→ WHAT YOU ARE ASKED TO DO
Set down each line of the material that follows, exactly, with no pictures.

→ COLLECTED MATERIAL

══════════

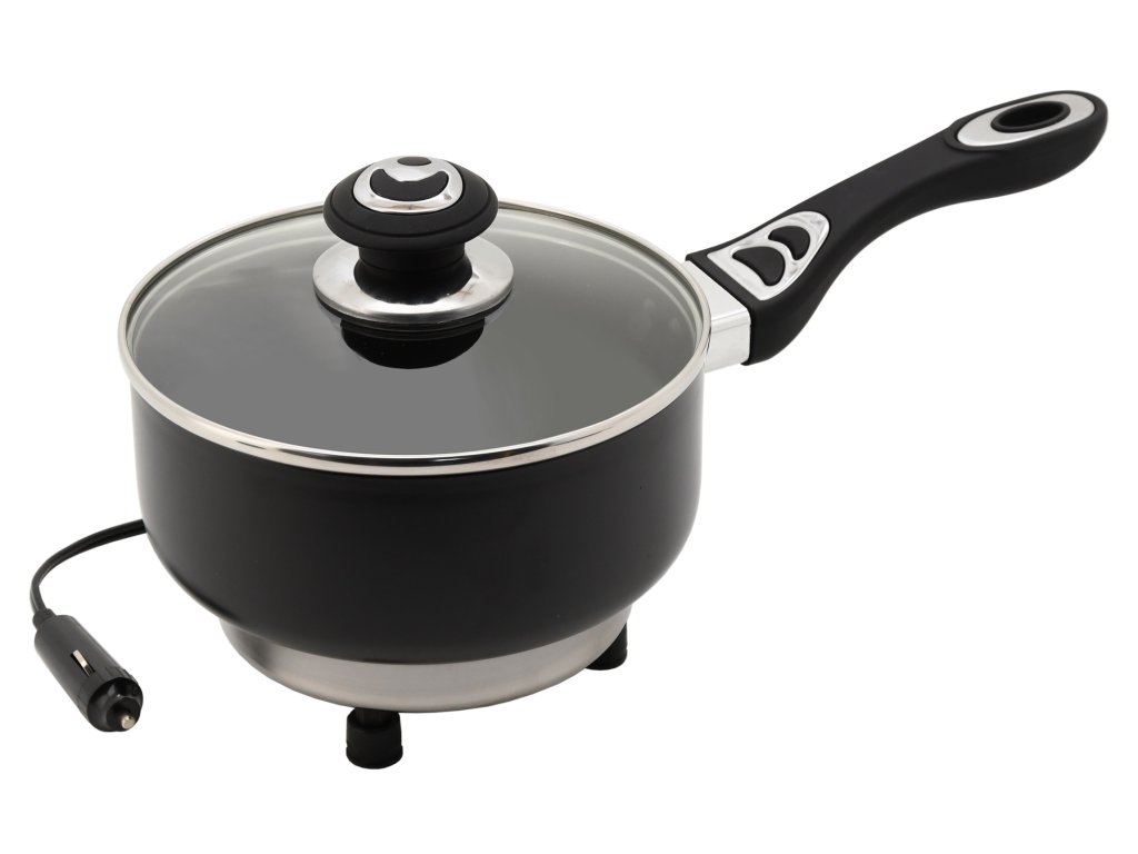 Napájení je řešeno zástrčkou do autozapalovače na 12V, pomocí kabelu délky 130 cm. Hrnec nabízí vysoký příkon 165W, pro ochranu zařízení je opatřen 20A pojistkou, kterou lze snadno vyměnit.
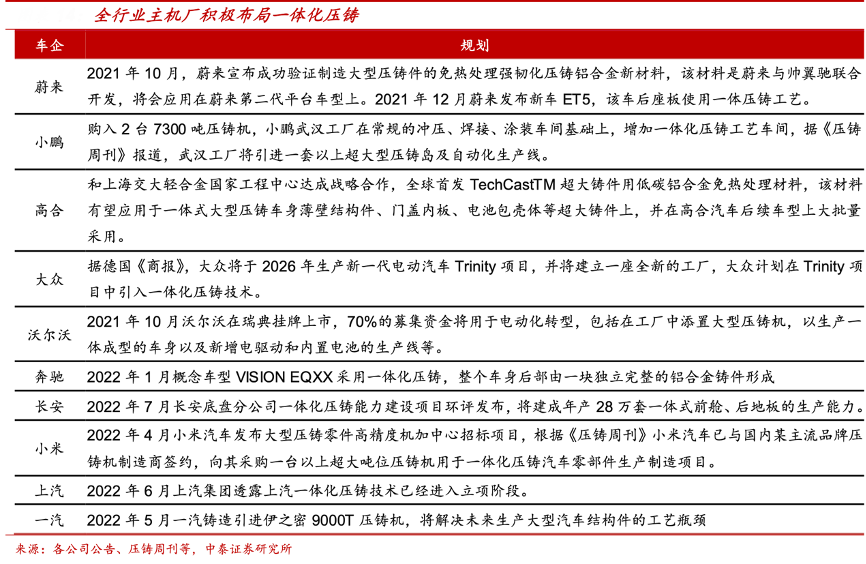 經(jīng)典案例:根據(jù)各公司公告、壓鑄周刊、中泰證券研究所等綜合資訊表明,車身工藝革命方興未艾,一體化壓鑄是效率、降本、輕量化的最優(yōu)工藝,2020年特斯拉 率先在 model Y 上量產(chǎn),自 2021 年起蔚來、理想、小鵬、華為問界等國內(nèi)新勢力搶先布局,奔馳、福特、大眾、沃爾沃、長安、一汽等國內(nèi)外傳統(tǒng)主機(jī)廠也加緊規(guī)劃,行業(yè)趨勢明確。
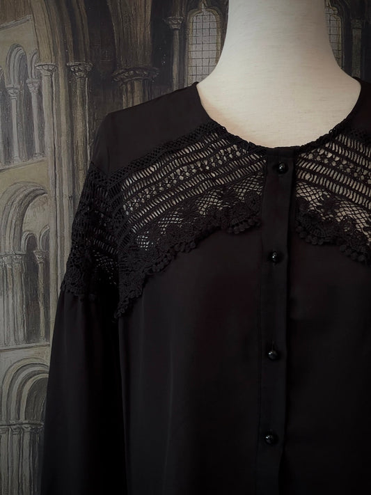 Victorian Inspired Black Chiffon Lace Inset Chemise Blouse - Size L-XL
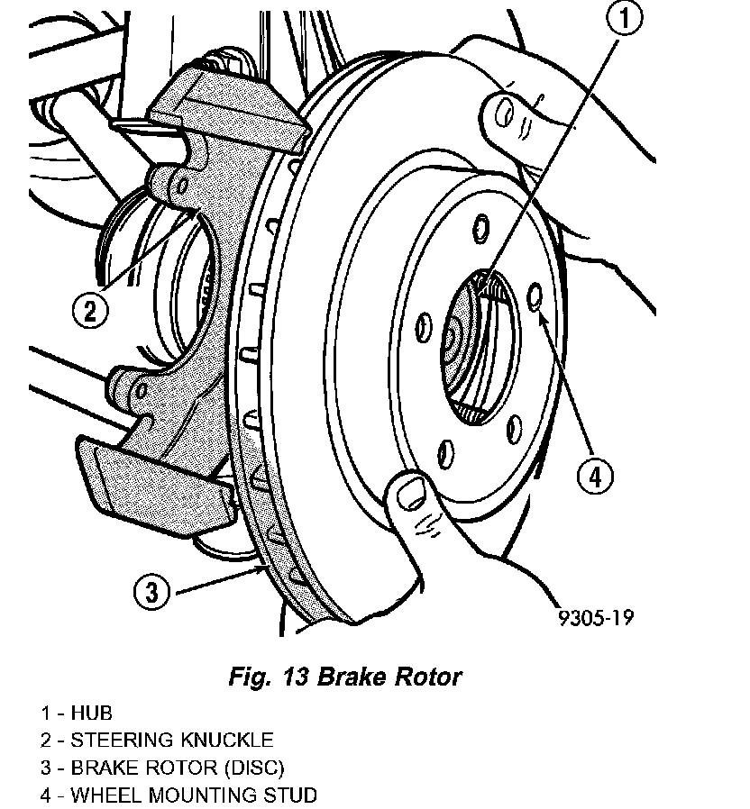 - When installing hub and bearing assembly into steering knuckle, be careful not to damage the Finger disc on hub and bearing assembly. If flinger disc becomes damaged, hub and bearing assembly MUST not be used and MUST be replaced with a new hub and bearing assembly.

══════════

→ SOLUTION TO THIS EXERCISE
 Napájení je řešeno zástrčkou do autozapalovače na 12V, pomocí kabelu délky 130 cm. Hrnec nabízí vysoký příkon 165W, pro ochranu zařízení je opatřen 20A pojistkou, kterou lze snadno vyměnit.
 經(jīng)典案例:根據(jù)各公司公告、壓鑄周刊、中泰證券研究所等綜合資訊表明,車身工藝革命方興未艾,一體化壓鑄是效率、降本、輕量化的最優(yōu)工藝,2020年特斯拉 率先在 model Y 上量產(chǎn),自 2021 年起蔚來、理想、小鵬、華為問界等國內(nèi)新勢力搶先布局,奔馳、福特、大眾、沃爾沃、長安、一汽等國內(nèi)外傳統(tǒng)主機(jī)廠也加緊規(guī)劃,行業(yè)趨勢明確。
 Victorian Inspired Black Chiffon Lace Inset Chemise Blouse - Size L-XL
 - When installing hub and bearing assembly into steering knuckle, be careful not to damage the Finger disc on hub and bearing assembly. If flinger disc becomes damaged, hub and bearing assembly MUST not be used and MUST be replaced with a new hub and bearing assembly.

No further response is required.